- Given data:
::::::

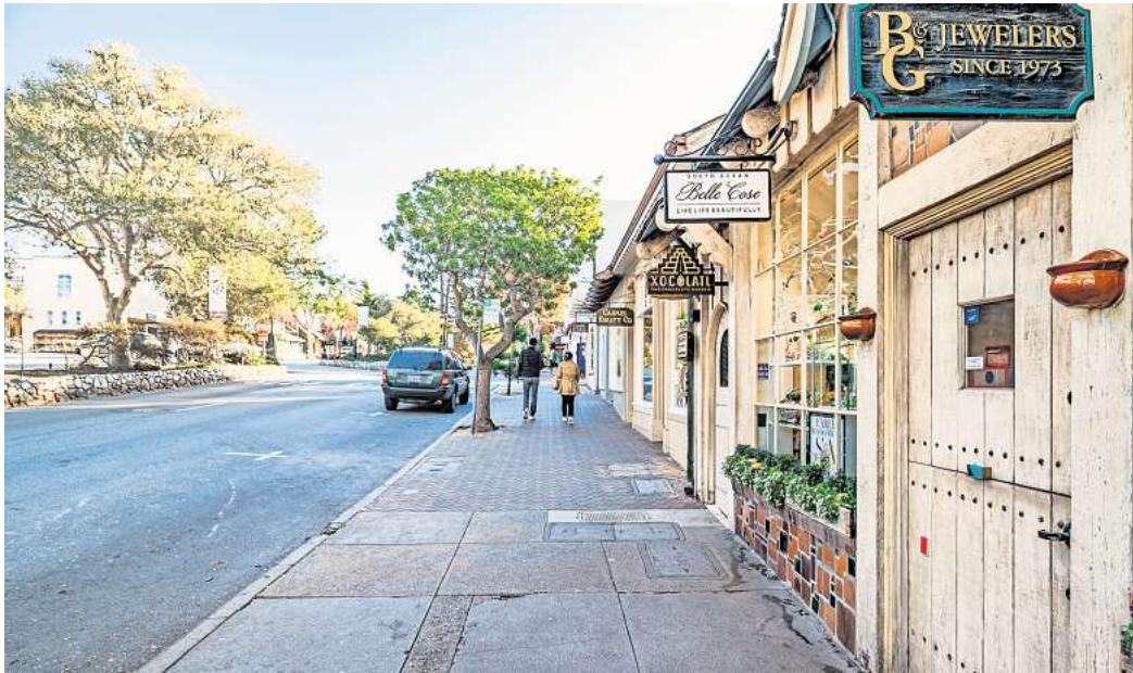
Weder Hausnummern noch Adressen findest du in Carmel-by-the-Sea.

Wo ist das nächste Geschäft oder Restaurant? Wie komme ich am schnellsten vom Hotel oder der Ferienwohnung zum Strand? Wer Einheimische fragt, bekommt dann nahe gelegene Orientierungspunkte beschrieben, berichtet der „Independent“. Zum Beispiel die Farbe oder den Stil eines Hauses, die
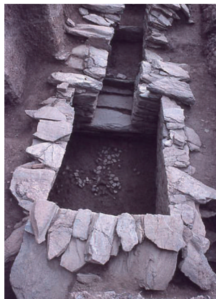
「紀伊風土記の丘ガイドブック 大谷山編」 第 1 期 木村健会員
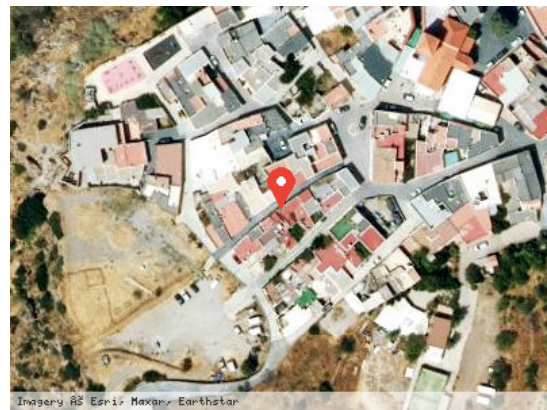
Vista Satélite (Zoom)

::::::

- Problem to solve: Copy exactly, and only, the lines running from the one containing "Wo ist das nächste" through the final line of the data, and omit the pictures.

- Solution for this problem:
Wo ist das nächste Geschäft oder Restaurant? Wie komme ich am schnellsten vom Hotel oder der Ferienwohnung zum Strand? Wer Einheimische fragt, bekommt dann nahe gelegene Orientierungspunkte beschrieben, berichtet der „Independent“. Zum Beispiel die Farbe oder den Stil eines Hauses, die
「紀伊風土記の丘ガイドブック 大谷山編」 第 1 期 木村健会員
Vista Satélite (Zoom)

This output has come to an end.